Хотя я уже решился, было все же как-то жутковато обращаться в такое агентство, к такому человеку. Промаялся одни день, второй. На третий, однако, заставил себя взять телефонную трубку:

— Попытка — не пытка…

Набрал номер, который мне дал Круглов. Услышав девичий голос:

— «Лидер Интернешнл»…

Выпалил:

— Мне нужен Протасов. По поводу работы…

— Минуту…

Меня переключили. Боясь, что оборвут в самом начале, я снова застрочил как из пулемета:

— Здравствуйте, вам звонит выпускник факультета философии МГУ. Знаю, что вам нужны новые энергичные сотрудники. Я как раз такой: готов много работать и мало получать…

— Хм, — послышалось с другой стороны трубки, — Кто тебе сказал, что нам нужны новые энергичные?

— Ну, — замялся я и подумал: «Все, привет тебе, Мамонтов».

Однако услышал другое:

— Много работать и мало получать, говоришь. Ладно, запишись на прием у Нонки…

— У кого?

— У секретаря…

Я записался. Все оставшиеся до встречи сутки волнение не отпускало меня. Сердце билось часто и сильно. Так же, как в тот день, когда я ехал в Москву поступать в университет. Получится — не получится? Да или нет? Да или нет?

Протасов принял меня почти точно в назначенное секретарем время. Выслушал мой лепет про любую работу. Заметил:

— Образование у тебя хорошее, ничего не скажешь. И желание работать, похоже, действительно есть. А вот то, что опыта нет совсем… — тут он задумался, — Ладно, могу взять тебя на испытательный срок референтом. Будешь возиться с бумажками, бланками, отчетами. За пивом пошлю — побежишь за пивом. Плохо будешь бегать — расстанемся. Хорошо — возьму на постоянную работу. Опять же референтом… На это место знаешь, сколько желающих! Но мне не нужны те, кто будет штаны протирать или дурака валять. Мне трудяги требуются. Такие, чтоб без палки работали, чтоб каждое мое слово на лету схватывали и землю рыли…

Если бы я рассказал об этом предложении своим воронежским одноклассникам или Вовке с Гариком, они подняли бы меня на смех: «Стоило МГУ кончать, чтоб с бумажками возиться да за пивом бегать…»

— Согласен, — твердо ответил я.

Мне было наплевать на мнение одноклассников и друзей.
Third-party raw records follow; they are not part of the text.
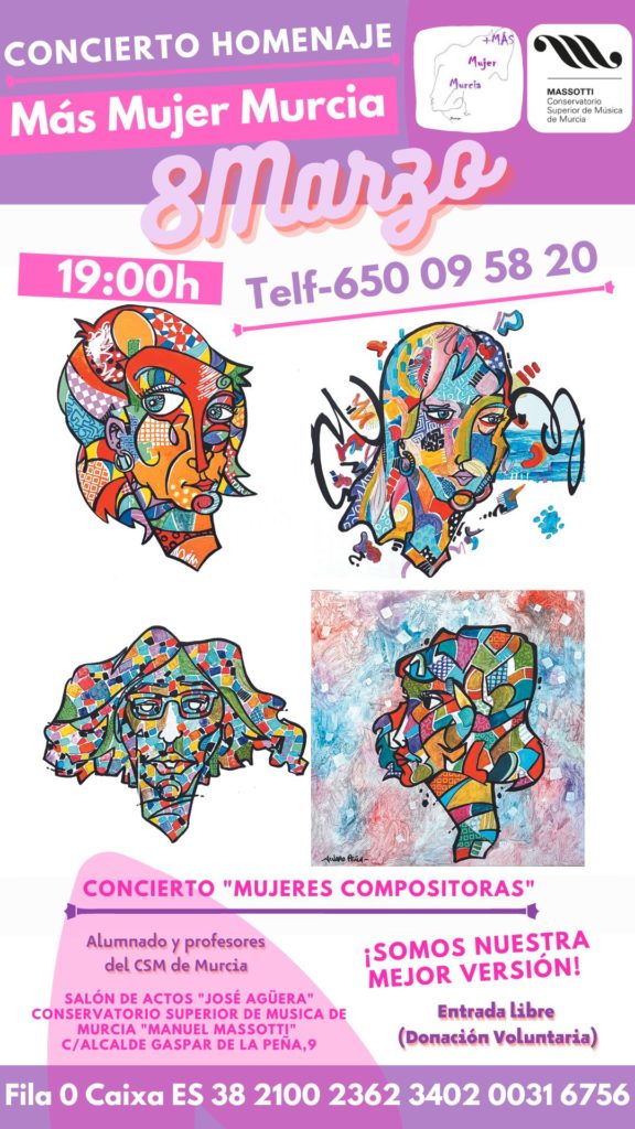 19:00h Concierto Homenaje a la Asociación Más Mujer de Murcia. Obras de mujeres compositoras.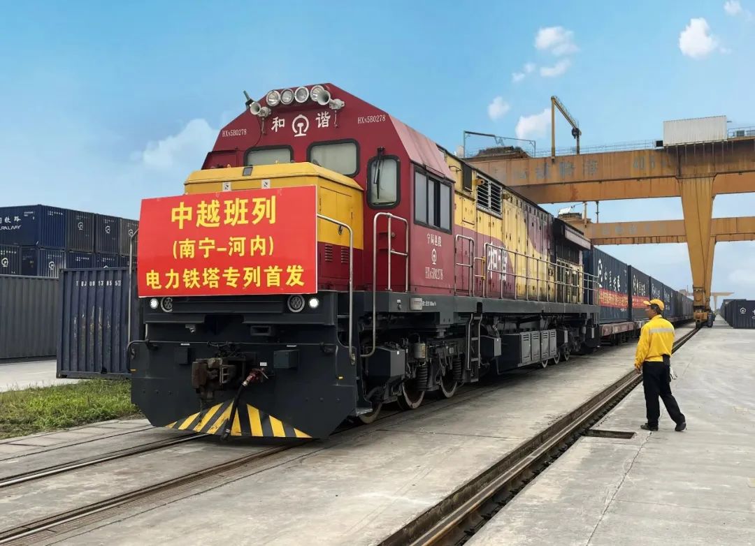 3月8日,中越(南宁-河内)班列电力铁塔专列首发仪式在广西南宁举行,山东电工电气重庆顺泰生产的越南南定一号火力发电厂至清化500千伏输电线路工程列车整装待发,即将驶出国门到达越南首都河内,这是广西首次开行电力铁塔专列,为越南电力基础设施建设提供运力保障。
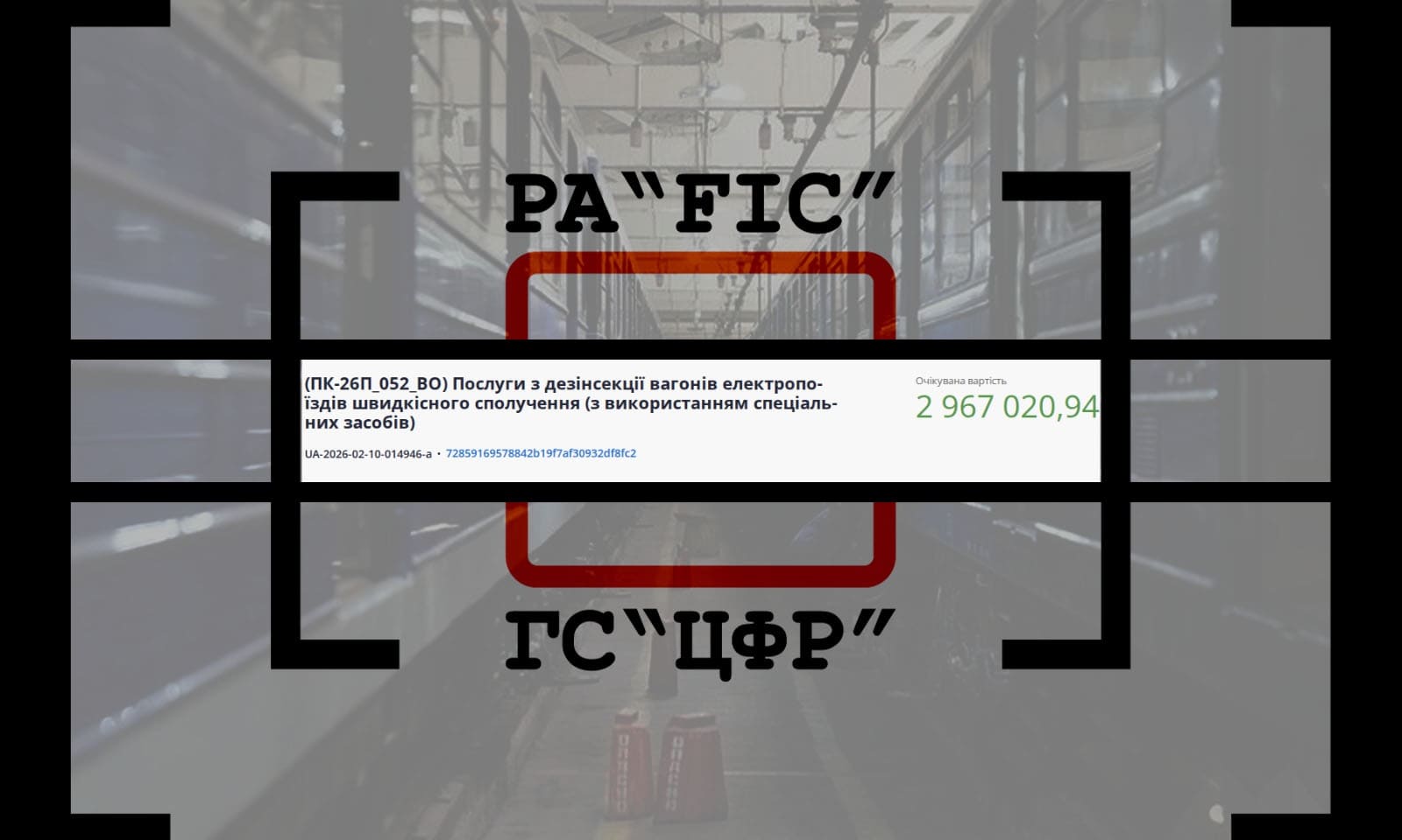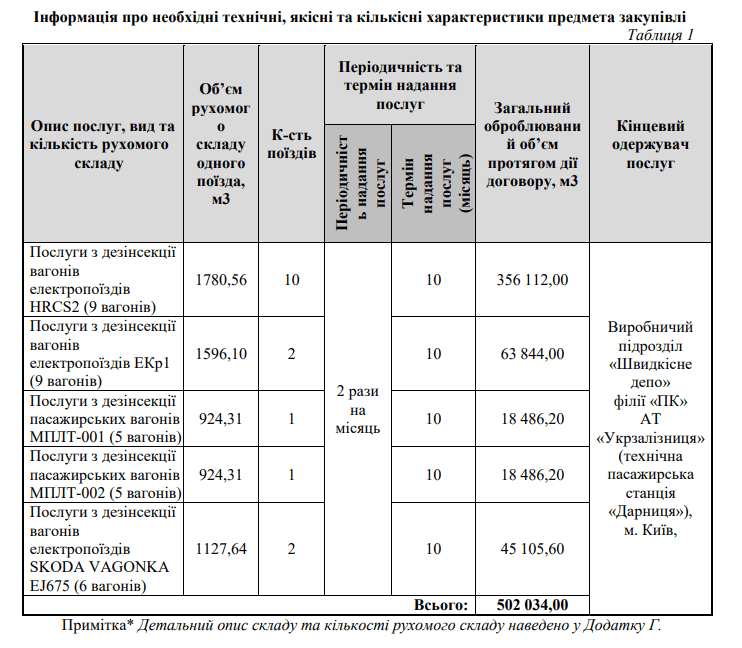 19 лютого ФІЛІЯ “ПАСАЖИРСЬКА КОМПАНІЯ” АКЦІОНЕРНОГО ТОВАРИСТВА “УКРАЇНСЬКА ЗАЛІЗНИЦЯ” провела закупівлю на послуги з дезінсекції вагонів електропоїздів швидкісного сполучення (з використанням спеціальних засобів).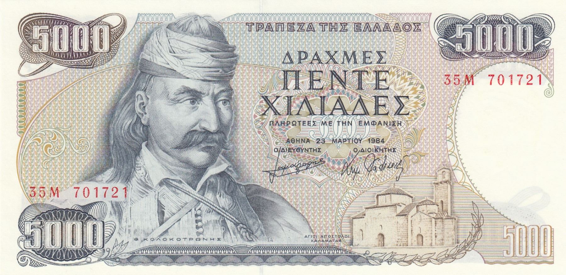 Greece, 5.000 Drachmai, 1984, UNC, p203br/serial number: 35M 701721
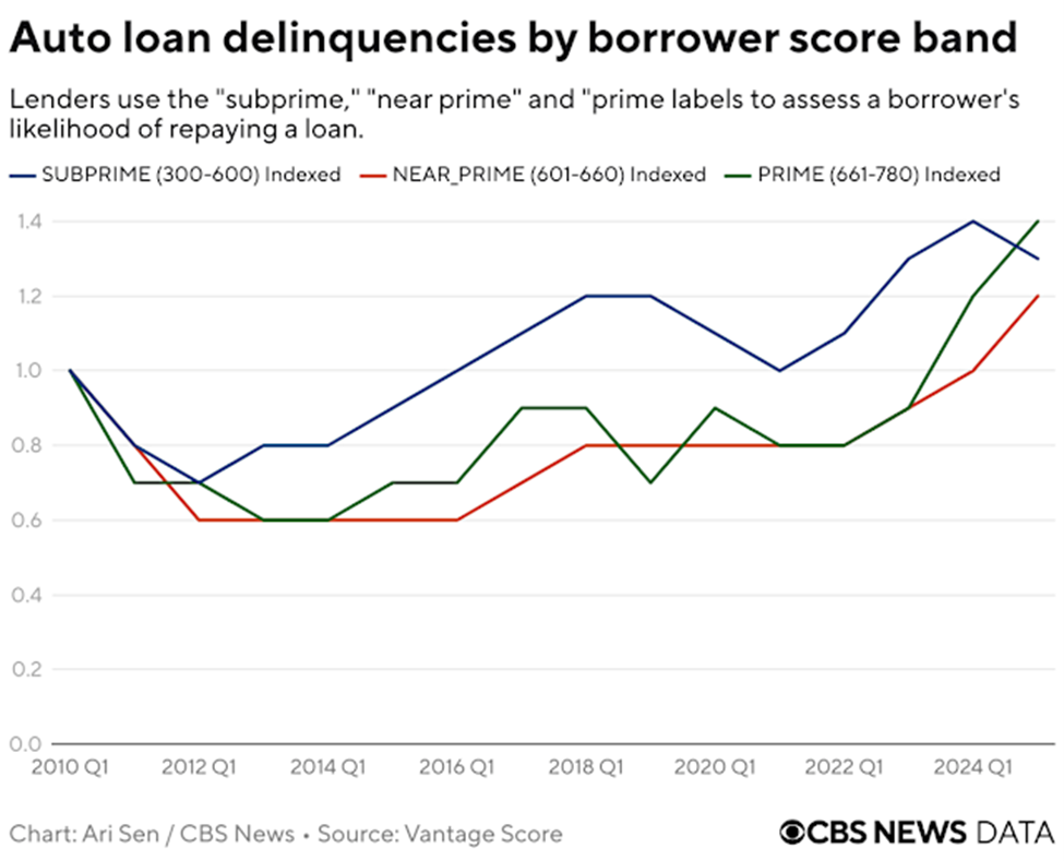 As people struggle with monthly expenses and fall behind on monthly payments, this affects the companies that loaned the money as they can’t get paid back. Over the past month we’ve seen some bankruptcy filings from those associated with auto lending and more specifically sub-prime auto lending. Last month, a company called Tricolor filed for chapter 7 bankruptcy. Tricolor was in the business of subprime lending, offering terms to those with low income and bad credit scores. It was disclosed earlier in the year that actually 68% of its borrowers had no credit score at all. There are reports of some fraudulent activity in the company as they’re now being investigated. This did cause losses for some well-known banks including JPMorgan, Barclays, and Fifth Third Bancorp. JPMorgan reported a charge-off of $170 million from the Tricolor bankruptcy and their CEO Jamie Dimon warned this event may be a sign of a broader issue in the auto credit market. There have been a few other recent bankruptcy filings related to the auto industry and auto lending that have continued to raise concerns.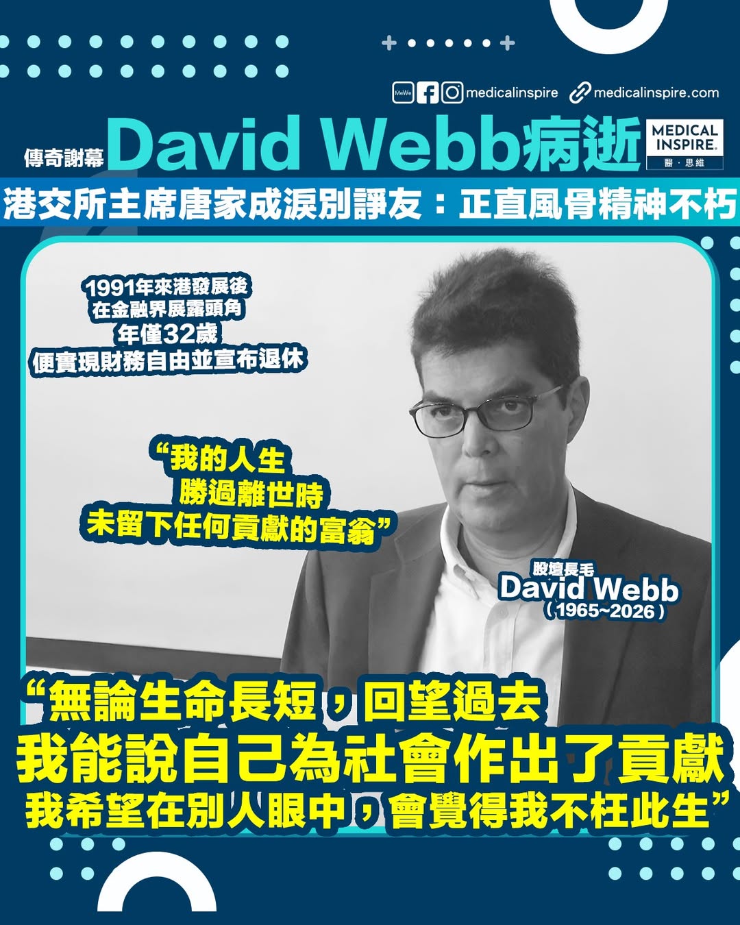 David Webb 的家人在社交媒體表示,他在香港安詳辭世,並呼籲大眾在艱難時刻給予私人空間。雖然這位「股壇長毛」已告別舞台,但他推動市場透明度的風骨,將與他留下的財經遺產一樣,長存於香港人的心中。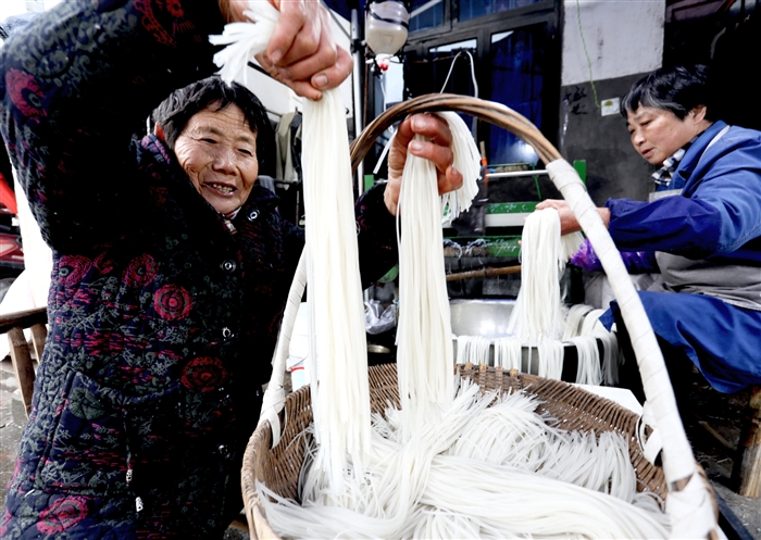 图为后畈村村民在做番薯粉丝。通讯员 毛节常 赵伊丽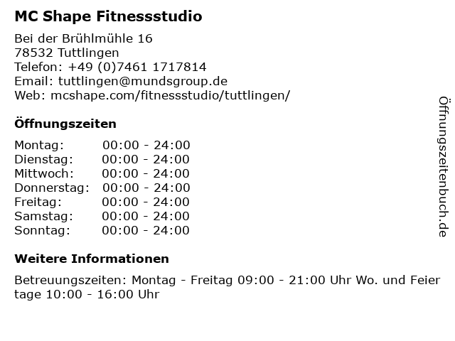 | Öffnungszeiten MC Shape Fitnessstudio in Tuttlingen anzeigen | |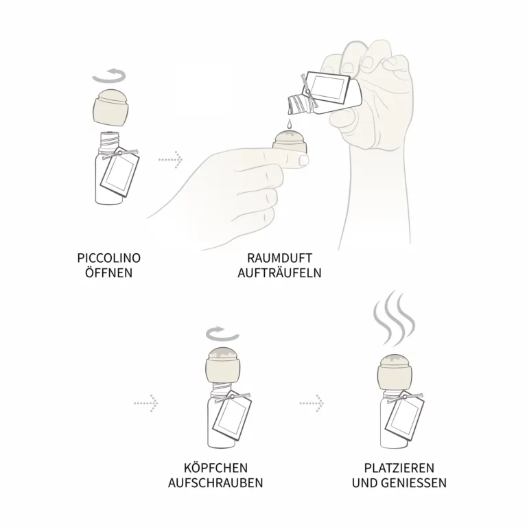 Die kurze Anleitung steht innen auf der Verpackung, so dass sich der Piccolino auch wunderbar als Geschenk eignet, mit dem du deinen Lieben einen wohltuenden Duftgenuss der Extraklasse schenkst, …denn Duft macht bekanntlich glücklich.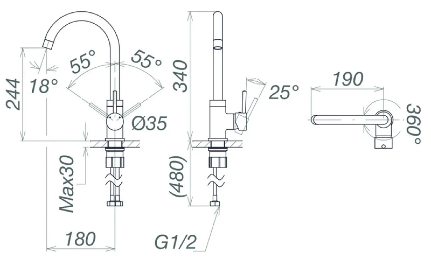 Bản vẽ kỹ thuật Vòi rửa bát Viglacera VG731

Я хотел серьезно работать. И думал: «Все равно, с чего начинать. Хоть с уборщика. Лишь бы этот шаг позволил сделать следующий…»

На работу я вышел через несколько дней после окончания университета. У меня не было времени съездить домой и отпраздновать еще одну свою маленькую победу — успешное окончание учебы. Да, теперь на фоне предстоящего эта победа действительно казалось маленькой. А домой — домой съезжу, когда отпуск будет. Неизвестно, правда, когда мне его дадут.

Матери и отцу по телефону я отрапортовал, что благодаря успешному окончанию университета предо мной раскрылись все двери:

— Просили побыстрее выйти на работу… Да, большая, уважаемая корпорация… Нет, не удобно отказывать. Без меня им точно трудно приходится…

Родители мне, кажется, не очень верили. Но не возражали. Потому, что хотели верить.

Алена рвалась приехать ко мне. Но я отговаривал ее по телефону:

— Не сейчас… У нас большая запарка, я каждый день на совещаниях. Меня ни на минуту не отпускают до позднего вечера, советуются… Но скоро, скоро…

Она тоже хотела мне верить. А я не сильно задумывался над своим враньем. Можно сказать, вообще ни о чем не думал, кроме своей новой работы. Шел ли на нее, возвращался ли: в голове снова и снова прокручивались мысли об увиденном, услышанном, прочитанном в агентстве.

На своем рабочем месте я сортировал различные бланки, чертил, клеил, упаковывал клиентские отчеты. А еще летал с бумагами по этажам, по службам и отделам, собирал подписи, составлял списки. За несколько дней перезнакомился со всеми курьерами, секретарями, машинистками, а также другими референтами. Все они были не прочь поболтать и поучить новенького. Рассказывали мне о делах агентства, о его различных отделах, о взаимоотношениях разных начальников и сотрудников. Жаловались между прочим на небольшую зарплату, на маленький отпуск, на то, что и минуты спокойно посидеть не удается:

— Каждый тебя так и хочет припахать, чем-нибудь озаботить.

Не жаловалась, пожалуй, одна Катя — общий секретарь дирекции «Лидера». Она была одной из трех сотрудниц, работавших на этом месте посменно. Молодая замужняя женщина, лет на пять старше меня. Симпатичная такая. Катя всегда с участием относилась к моим просьбам, помогала мне. При этом не болтала ничего лишнего, не относящегося к делу.

Я был благодарен ей за помощь. Вернее, не только за помощь. Еще и просто за то, что она есть. Катя казалась единственным спокойным островком в этом озабоченном проблемами, раскаленном офисе. Мне всегда было приятно заскочить к ней на минутку, пусть даже и с каким-нибудь надуманным вопросом. Послушать ее неторопливый, чуть картавый и от того слегка забавный голосок:

— Сер’гей, не пер’еживай… Как только пакет будет вр’учен, я пер’едам тебе уведомление… Оно не затер’яется… Не беспокойся…

Я знал, что все будет именно так, как она говорит.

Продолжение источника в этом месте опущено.